EXERCISE MATERIALS.
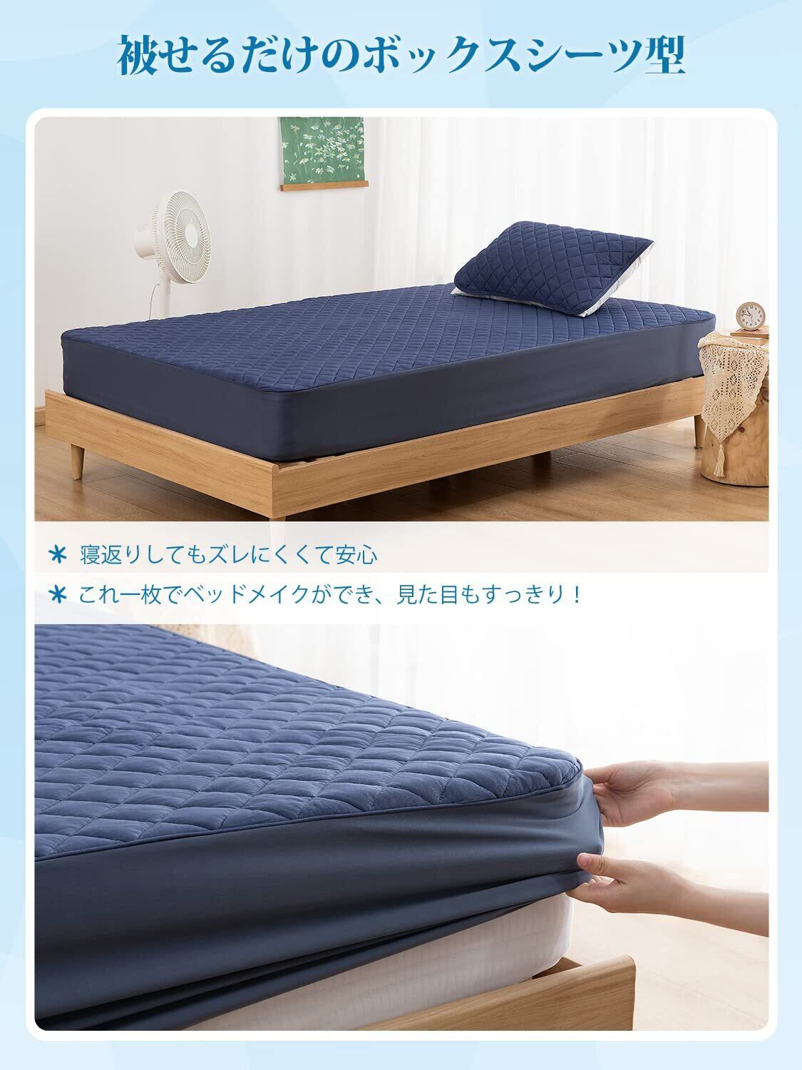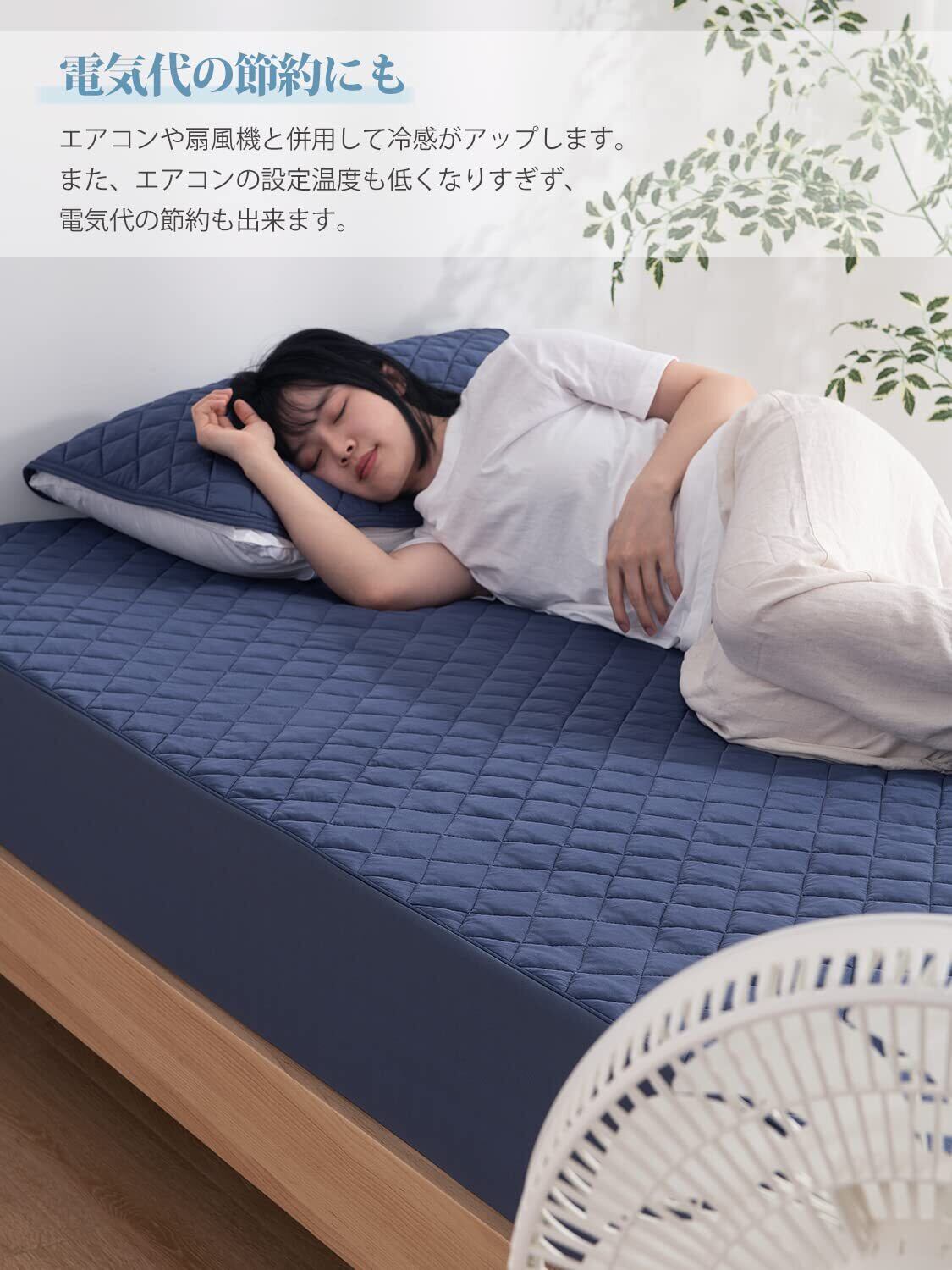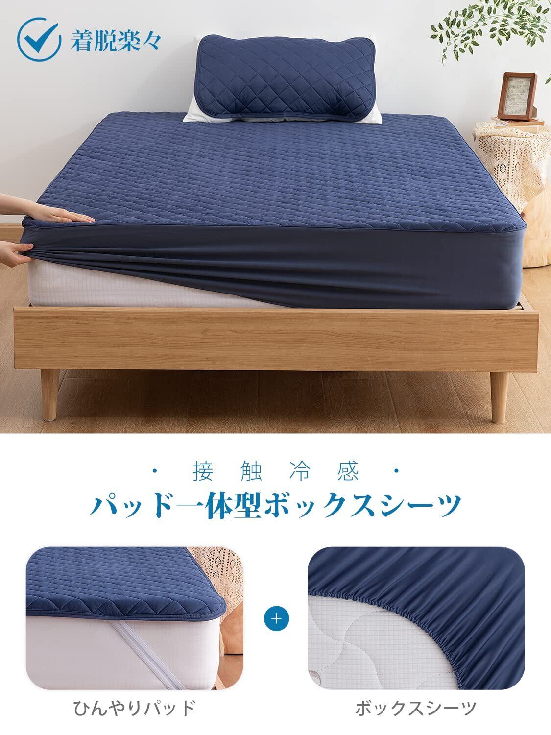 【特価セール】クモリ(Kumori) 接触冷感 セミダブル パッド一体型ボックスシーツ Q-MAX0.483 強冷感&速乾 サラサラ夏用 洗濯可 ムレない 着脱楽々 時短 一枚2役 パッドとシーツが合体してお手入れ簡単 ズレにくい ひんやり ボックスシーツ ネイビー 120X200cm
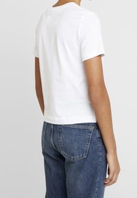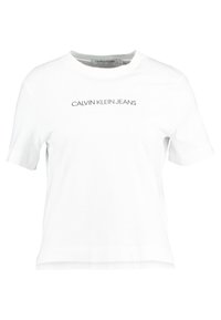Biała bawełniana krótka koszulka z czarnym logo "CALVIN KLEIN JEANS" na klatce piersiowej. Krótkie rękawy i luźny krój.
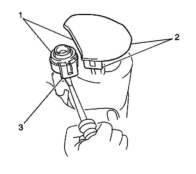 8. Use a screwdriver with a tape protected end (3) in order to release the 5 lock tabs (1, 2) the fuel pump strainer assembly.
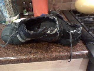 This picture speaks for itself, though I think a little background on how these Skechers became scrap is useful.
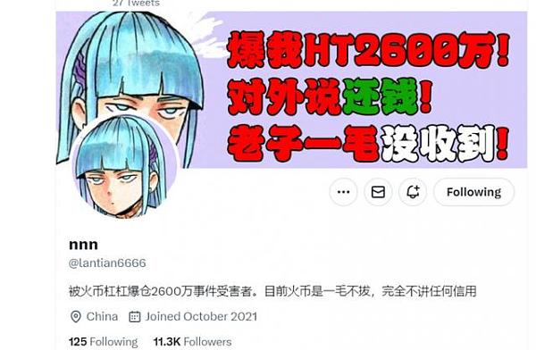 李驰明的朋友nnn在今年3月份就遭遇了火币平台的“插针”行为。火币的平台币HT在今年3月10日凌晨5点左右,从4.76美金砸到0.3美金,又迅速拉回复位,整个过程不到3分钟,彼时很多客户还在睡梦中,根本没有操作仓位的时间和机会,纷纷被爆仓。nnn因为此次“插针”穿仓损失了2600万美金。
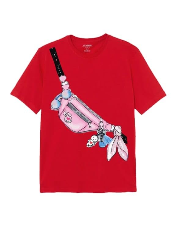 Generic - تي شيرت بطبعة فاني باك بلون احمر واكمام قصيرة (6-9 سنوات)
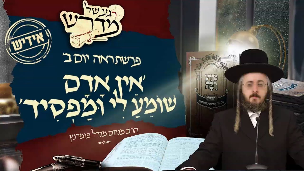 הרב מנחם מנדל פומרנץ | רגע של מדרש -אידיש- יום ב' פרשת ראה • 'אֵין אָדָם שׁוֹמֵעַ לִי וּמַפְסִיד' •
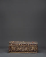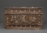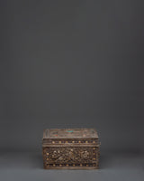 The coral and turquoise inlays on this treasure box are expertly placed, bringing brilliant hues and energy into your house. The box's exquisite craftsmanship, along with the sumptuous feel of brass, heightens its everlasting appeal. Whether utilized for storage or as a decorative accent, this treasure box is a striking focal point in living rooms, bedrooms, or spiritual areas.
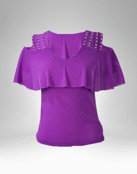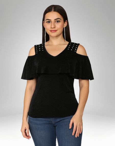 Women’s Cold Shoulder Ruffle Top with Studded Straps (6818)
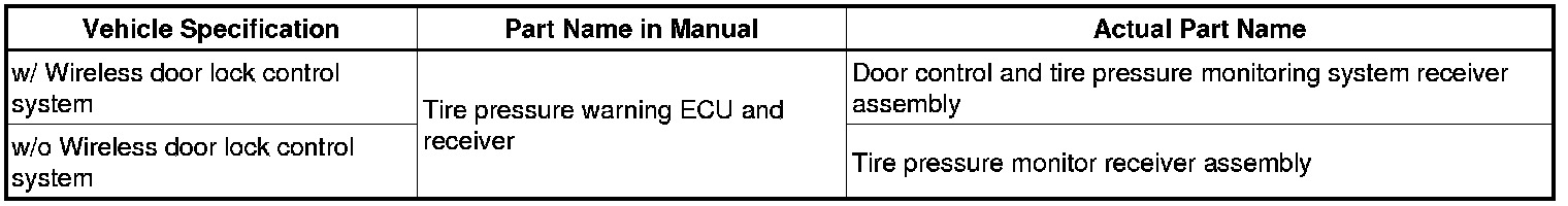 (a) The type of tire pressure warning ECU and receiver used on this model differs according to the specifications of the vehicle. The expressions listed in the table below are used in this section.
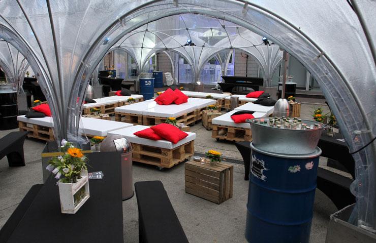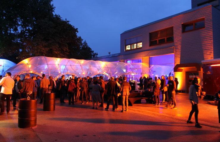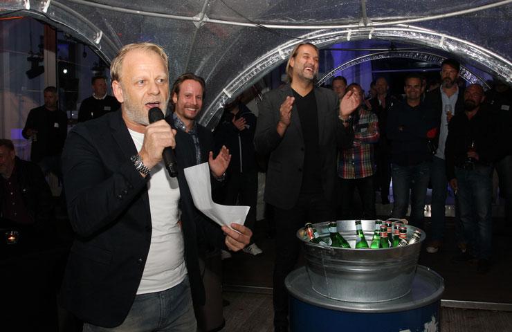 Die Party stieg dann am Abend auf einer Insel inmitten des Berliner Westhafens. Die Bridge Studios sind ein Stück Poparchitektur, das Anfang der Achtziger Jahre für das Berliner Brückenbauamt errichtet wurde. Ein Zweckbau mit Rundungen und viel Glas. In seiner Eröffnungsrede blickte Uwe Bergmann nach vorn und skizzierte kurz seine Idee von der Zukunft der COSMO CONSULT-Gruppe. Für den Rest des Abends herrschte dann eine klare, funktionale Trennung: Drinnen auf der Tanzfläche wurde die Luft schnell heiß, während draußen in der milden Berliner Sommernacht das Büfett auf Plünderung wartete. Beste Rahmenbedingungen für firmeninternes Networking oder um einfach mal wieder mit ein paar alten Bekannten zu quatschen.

TASK DESCRIPTION. Everything in the entries above should be printed again exactly, apart from the pictures.

ANSWER.
 【特価セール】クモリ(Kumori) 接触冷感 セミダブル パッド一体型ボックスシーツ Q-MAX0.483 強冷感&速乾 サラサラ夏用 洗濯可 ムレない 着脱楽々 時短 一枚2役 パッドとシーツが合体してお手入れ簡単 ズレにくい ひんやり ボックスシーツ ネイビー 120X200cm
Biała bawełniana krótka koszulka z czarnym logo "CALVIN KLEIN JEANS" na klatce piersiowej. Krótkie rękawy i luźny krój.
 8. Use a screwdriver with a tape protected end (3) in order to release the 5 lock tabs (1, 2) the fuel pump strainer assembly.
 This picture speaks for itself, though I think a little background on how these Skechers became scrap is useful.
 李驰明的朋友nnn在今年3月份就遭遇了火币平台的“插针”行为。火币的平台币HT在今年3月10日凌晨5点左右,从4.76美金砸到0.3美金,又迅速拉回复位,整个过程不到3分钟,彼时很多客户还在睡梦中,根本没有操作仓位的时间和机会,纷纷被爆仓。nnn因为此次“插针”穿仓损失了2600万美金。
 Generic - تي شيرت بطبعة فاني باك بلون احمر واكمام قصيرة (6-9 سنوات)
 הרב מנחם מנדל פומרנץ | רגע של מדרש -אידיש- יום ב' פרשת ראה • 'אֵין אָדָם שׁוֹמֵעַ לִי וּמַפְסִיד' •
 The coral and turquoise inlays on this treasure box are expertly placed, bringing brilliant hues and energy into your house. The box's exquisite craftsmanship, along with the sumptuous feel of brass, heightens its everlasting appeal. Whether utilized for storage or as a decorative accent, this treasure box is a striking focal point in living rooms, bedrooms, or spiritual areas.
 Women’s Cold Shoulder Ruffle Top with Studded Straps (6818)
 (a) The type of tire pressure warning ECU and receiver used on this model differs according to the specifications of the vehicle. The expressions listed in the table below are used in this section.
 Die Party stieg dann am Abend auf einer Insel inmitten des Berliner Westhafens. Die Bridge Studios sind ein Stück Poparchitektur, das Anfang der Achtziger Jahre für das Berliner Brückenbauamt errichtet wurde. Ein Zweckbau mit Rundungen und viel Glas. In seiner Eröffnungsrede blickte Uwe Bergmann nach vorn und skizzierte kurz seine Idee von der Zukunft der COSMO CONSULT-Gruppe. Für den Rest des Abends herrschte dann eine klare, funktionale Trennung: Drinnen auf der Tanzfläche wurde die Luft schnell heiß, während draußen in der milden Berliner Sommernacht das Büfett auf Plünderung wartete. Beste Rahmenbedingungen für firmeninternes Networking oder um einfach mal wieder mit ein paar alten Bekannten zu quatschen.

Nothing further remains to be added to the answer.